Problem to solve: An exact, picture-free copy of the listing is required.
◆ ◆ ◆
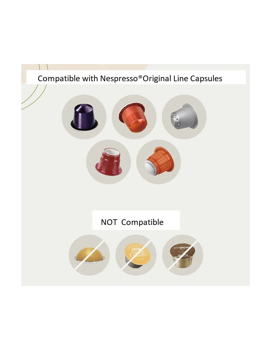 Compatibility: with Nespresso ® Original capsule range. ( NOT COMPATIBLE with Vertuo Nespresso ® range and other brands of capsules )
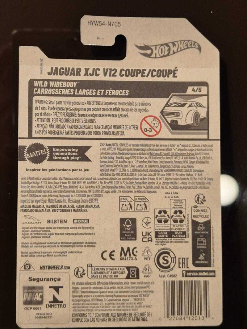 Carrinho Hot Wheels 1:64 - Metal - Original - O Jaguar XJC tornou-se uma lenda. Este grafismo inspira-se no Big Cat (como o jaguar, símbolo da marca passou a ser chamado por causa deste carro) que corria com o número 8 e usava as mesmas cores e composição gráfica (Broadspeed) Colecionismo é mais que um hobbie, é entretenimento, é terapeutico e é investimento. ATENÇÃO: Carrinho de coleção antiga, novo, na embagem, no entanto a embalagem pode apresentar desgaste ou sujidade. Este carrinho faz parte da linha básica Hot Wheels, garantindo qualidade e autenticidade. Com escala 1:64, ele apresenta uma carroceria ou chassi de metal, proporcionando durabilidade e acabamento impecável, ideal para colecionar ou presentear. Não perca a chance de ampliar a sua coleção com este carrinho Hot Wheels e dar um toque especial à sua coleção ou ao presente de quem você gosta! Garanta já o seu Carrinho Hot Wheels 1:64, pois é uma edição antiga que não se encontra mais nas lojas..
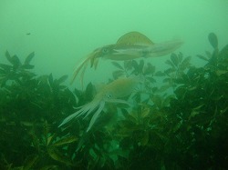 今日は晴れの予報だった気がするのですが、どんよりの曇り空(^^;透明度がちょっと落ちてしまい、暗めの海です。ビーチに七夕の笹の葉が入りましたよ。短冊に願いを込めてみてくださいね!アオリイカは今日も好調でした!朝から4~5ペアが産卵。オスは60~70センチくらいありそうで大迫力です。透明度が悪いせいでアオリイカの警戒心も薄れているのか?かなり近くまで寄れます。1本まるまる見ていても飽きないくらいに、おもしろいですよぉ~。ダンゴ3兄弟も元気、カエルアンコウの幼魚も、ちょびっと探しただけで同じエリアに5個体!ビーチ中さがしたら、一体何個体いるんだろう~?メイチダイやミノカサゴの赤ちゃんも出始めましたよ。
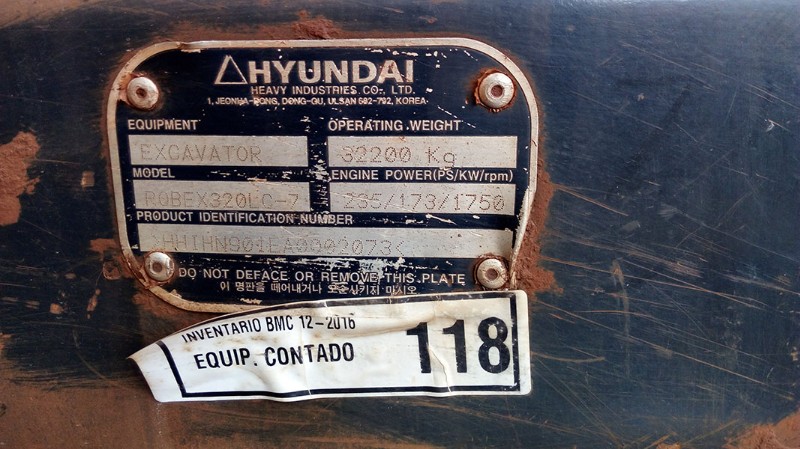 ESCAVADEIRA HIDRÁULICA DE ESTEIRA, MARCA HYUNDAI, MODELO ROBEX320LC-7, ANO 2010, SÉRIE HHIHN901EA0002073 - (L)
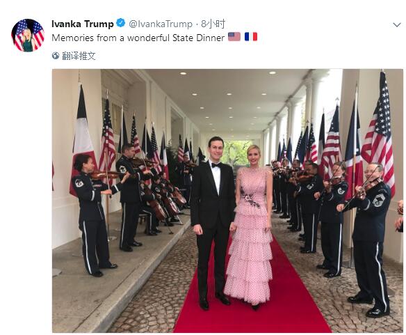 当晚,伊万卡还在社交媒体上分享了她和贾里德·库什纳的照片,并配文称“国宴上的美好回忆”,看起来心情很是不错。
◆ ◆ ◆
Written solution:
 Compatibility: with Nespresso ® Original capsule range. ( NOT COMPATIBLE with Vertuo Nespresso ® range and other brands of capsules )
 Carrinho Hot Wheels 1:64 - Metal - Original - O Jaguar XJC tornou-se uma lenda. Este grafismo inspira-se no Big Cat (como o jaguar, símbolo da marca passou a ser chamado por causa deste carro) que corria com o número 8 e usava as mesmas cores e composição gráfica (Broadspeed) Colecionismo é mais que um hobbie, é entretenimento, é terapeutico e é investimento. ATENÇÃO: Carrinho de coleção antiga, novo, na embagem, no entanto a embalagem pode apresentar desgaste ou sujidade. Este carrinho faz parte da linha básica Hot Wheels, garantindo qualidade e autenticidade. Com escala 1:64, ele apresenta uma carroceria ou chassi de metal, proporcionando durabilidade e acabamento impecável, ideal para colecionar ou presentear. Não perca a chance de ampliar a sua coleção com este carrinho Hot Wheels e dar um toque especial à sua coleção ou ao presente de quem você gosta! Garanta já o seu Carrinho Hot Wheels 1:64, pois é uma edição antiga que não se encontra mais nas lojas..
 今日は晴れの予報だった気がするのですが、どんよりの曇り空(^^;透明度がちょっと落ちてしまい、暗めの海です。ビーチに七夕の笹の葉が入りましたよ。短冊に願いを込めてみてくださいね!アオリイカは今日も好調でした!朝から4~5ペアが産卵。オスは60~70センチくらいありそうで大迫力です。透明度が悪いせいでアオリイカの警戒心も薄れているのか?かなり近くまで寄れます。1本まるまる見ていても飽きないくらいに、おもしろいですよぉ~。ダンゴ3兄弟も元気、カエルアンコウの幼魚も、ちょびっと探しただけで同じエリアに5個体!ビーチ中さがしたら、一体何個体いるんだろう~?メイチダイやミノカサゴの赤ちゃんも出始めましたよ。
 ESCAVADEIRA HIDRÁULICA DE ESTEIRA, MARCA HYUNDAI, MODELO ROBEX320LC-7, ANO 2010, SÉRIE HHIHN901EA0002073 - (L)
 当晚,伊万卡还在社交媒体上分享了她和贾里德·库什纳的照片,并配文称“国宴上的美好回忆”,看起来心情很是不错。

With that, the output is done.